Final
- Champions: Zina Garrison Eva Pfaff
- Runners-up: Katrina Adams Penny Barg
- Score: 4–6, 6–2, 7–6

Details
- Draw: 28
- Seeds: 8

Events
| Singles | Doubles |
| Amelia Island Championships |

= 1988 Bausch & Lomb Championships – Doubles =

Steffi Graf and Gabriela Sabatini were the defending champions but did not compete that year.

Zina Garrison and Eva Pfaff won in the final 4–6, 6–2, 7–6 against Katrina Adams and Penny Barg.

==Seeds==
Champion seeds are indicated in bold text while text in italics indicates the round in which those seeds were eliminated. The top four seeded teams received byes into the second round.

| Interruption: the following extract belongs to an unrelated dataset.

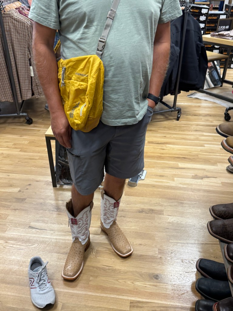 John was a sport and tried on some boots which went so nicely with his shorts (not! ha!):

1. USA Zina Garrison / FRG Eva Pfaff (champions)
2. CSK Jana Novotná / FRA Catherine Suire (second round)
3. USA Gretchen Magers / USA Candy Reynolds (second round)
4. USA Katrina Adams / USA Penny Barg (final)
5. USA Mary Lou Daniels / USA Anna-Maria Fernandez (first round)
6. ARG Mercedes Paz / ARG Patricia Tarabini (quarterfinals)
7. USA Beverly Bowes / USA Sandy Collins (second round)
8. USA Kathleen Horvath / Dianne Van Rensburg (quarterfinals)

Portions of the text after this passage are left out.